Apa kau yakin kau tidak dibutakan oleh kemarahanmu? Kalau dipikir, aku yakin kau akan ingat seseorang yang baik…
Aku ingin mengatakan hal itu, namun aku tak bisa menyangkal kemungkinan jika yang ia katakan 100% benar, jadi aku menelan kalimatku.
“Maaf,” kataku. “Aku tidak memikirkannya.”
“Ya, kau harus lebih hati-hati.”
“…Jadi, siapa target selanjutnya?”
“Kakak perempuanku.”
Pertama ayahnya, lalu kakak perempuannya. Apa selanjutnya ibunya?
“Sepertinya kau tinggal di keluarga yang tidak menyenangkan.”
“diamlah dan ayo berangkat,”jawab gadis itu.
———-
Hingga saat aku meletakkan tangan di gagang pintu, aku yakin jika aku sudah sembuh dari penyakitku. Namun saat aku mengenakan sepatu dan bersiap keluar, aku merasa seluruh energi meninggalkan tubuhku, dan aku terdiam di tempat.
Jika ada seseorang lewat dan tak tahu keadaan, mereka mungkin berpikir ada aliran listrik di gagang pintunya.
Aku berdiri di tempat. Detak jantungku semakin kencang, dan dadaku sesak dan sakit. Terlebih lagi, perut dan lengan dan kakiku yang kaku dan benar-benar kekurangan kekuatan.

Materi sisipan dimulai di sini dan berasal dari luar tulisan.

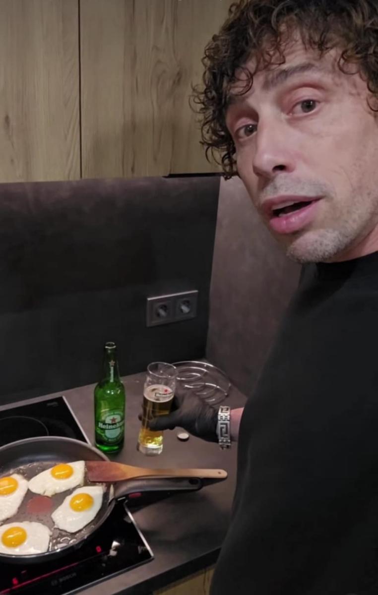В клип в социалните мрежи дори показа как се справя и сам се похвали, че отсича жълтъка и белтъка по равно, като с рулетка.

Aku mencoba menunggu di tempat itu beberapa saat, tetapi sepertinya tak menunjukkan tanda kembali normal. Inilah gejalanya. Kupikir rasa shock dari kecelakaan mobil itu segera menyembuhkannya, tapi aku masih tak bisa melawan rasa takutku akan dunia luar.

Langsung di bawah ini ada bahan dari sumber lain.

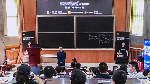 线下演讲持续近2个小时,黑板写满了推导公式。楼宇庆点评道,虽然满屏公式看着有点眼花缭乱,但是可以让大家了解从事天体物理研究的人在做的事情。随后,楼宇庆与张朝阳关于探讨“如何观察月球在远离地球”开展快问快答,让现场气氛达到高潮。

Gadis itu menyadariku terdiam bagai kehabisan baterai dan mengerutkan alisnya. “Apa-apaan ini, kau bercanda?”
Kutebak aku terlihat seperti bermain-main di matanya.
Perlahan, rasa mual memenuhi perutku bagai diisi dengan batu. Keringat dingin mengucur dari tubuhku.
“Maaf, bisa kau beri sedikit waktu untukku?”
“Jangan bilang, kau sakit?”
“Bukan, aku tidak biasa pergi ke luar. Aku hidup hanya keluar pada malam hari selama enam bulan penuh.”
“Tapi dua hari lalu, bukankah kau di luar?”
“Ya. Dan mungkin itu alasanku takut.”
“Pertama terjadi hal itu setelah kecelakaan, sekarang ini? Betapa lemahnya mentalmu itu?”, kata gadis itu tak percaya. “Cepat sembuhkan dirimu, entah bagaimana caranya. Jika dua puluh menit sudah lewat dan kau masih tidak berguna, aku pergi tanpamu. Tak ada yang bisa menghentikanku menjalankan rencanaku sendiri.”
“Baiklah. Aku akan menyembuhkannya.”
Aku terbaring menghadap kasur. Detak jantungku yang semakin kencang dan rasa kaku-ku masih belum hilang.
Terbaring, aku menyadari bau sepreiku berubah, sepertinya karena gadis itu tidur di sini. Aku merasa daerahku diinvasi.
Ingin sendiri bahkan walau terpisah satu tembok, aku bersembunyi di kamar mandi yang remang, meletakkan wajahku di tempat duduk toilet dan menutupnya dengan kedua tanganku.
Aku mengambil nafas panjang di udara yang berbau wangi, menahannya beberapa detik, melepaskannya, dan mengulangnya. Melakukan ini cukup melegakanku. Tapi masih butuh beberapa waktu lagi untuk bisa pulih sepenuhnya agar bisa keluar.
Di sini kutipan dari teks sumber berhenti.